Żagański dzielnicowy asp. szt. Artur Sikora w czasie wolnym od służby zauważył w sklepie mężczyznę, który szarpał się z ochroniarzem, a następnie zaczął uciekać. Policjant natychmiast zareagował i ruszył w pościg, który nie trwał długo. Po przebiegnięciu kilku metrów uciekinier został zatrzymany. Jak się okazało ukradł on w sklepie artykuły spożywcze.
Dzielnicowy z Komendy Powiatowej Policji w Żaganiu – asp. szt. Artur Sikora w czasie wolnym od służby robił zakupy w jednym z żagańskich marketów.
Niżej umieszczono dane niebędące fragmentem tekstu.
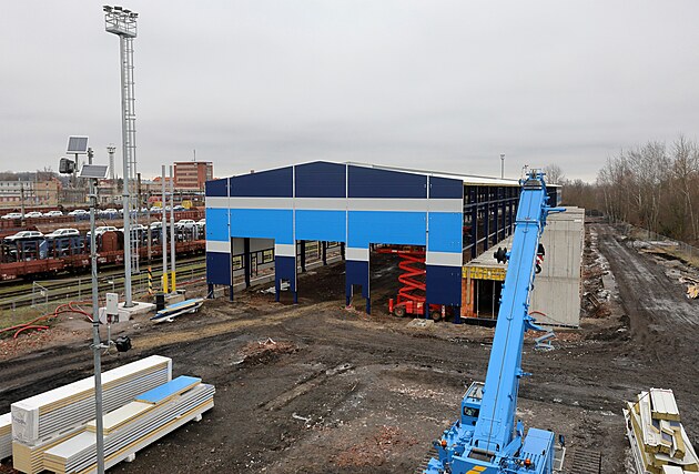 Zbrusu nová opravárenská hala roste v areálu nádraží v Chebu. (16. ledna 2025)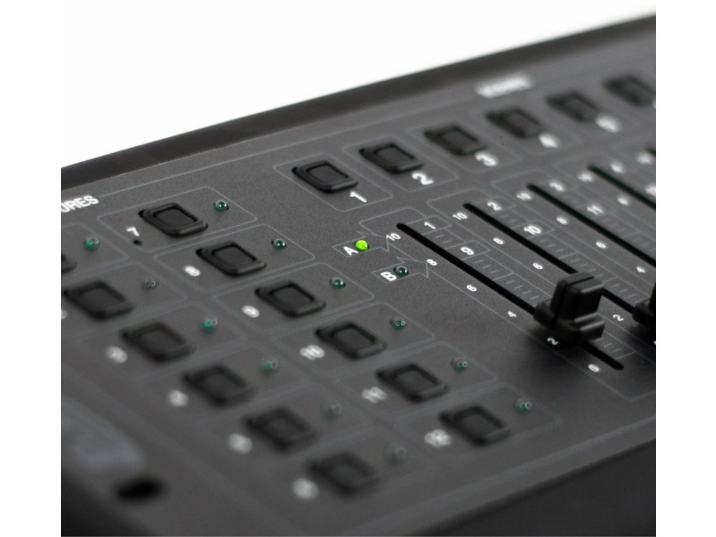Kontroler DMX Operator 1 oferuje 240 programowalnych scen, 12 indywidualnych kanałów fixture do sterowania, a na każdym można sterować do 16 kanałów DMX. Oświetlenie z mniej niż 16 kanałami DMX można łączyć na 1 kanał fixture. 6 programowalnych chases z wyborem fade time / speeds, 8 faderów, sterowanie MIDI w tym Blackout, DMX-512, 3-pin XLR, wbudowany mikrofon, przełącznik polaryzacji DMX.

Kiedy odchodził od kasy usłyszał odgłosy szamotaniny, odwrócił się i zauważył, że pracownik sklepu szarpie się z jakimś mężczyzną. Nim podszedł do pracownika sklepu, aby udzielić jemu wsparcia, awanturnik wyrwał się i zaczął uciekać. Wówczas policjant pobiegł za nim i po krótkim pościgu zatrzymał go. Okazało się, że mężczyzna ukradł ze sklepu artykuły spożywcze.
Doświadczenie oraz natychmiastowa reakcja policjanta pozwoliły udaremnić ucieczkę złodziejowi, który został ukarany mandatem.
I w tym przypadku sprawdziła się „stara prawda”, że policjantem jest się nawet w czasie wolnym od służby.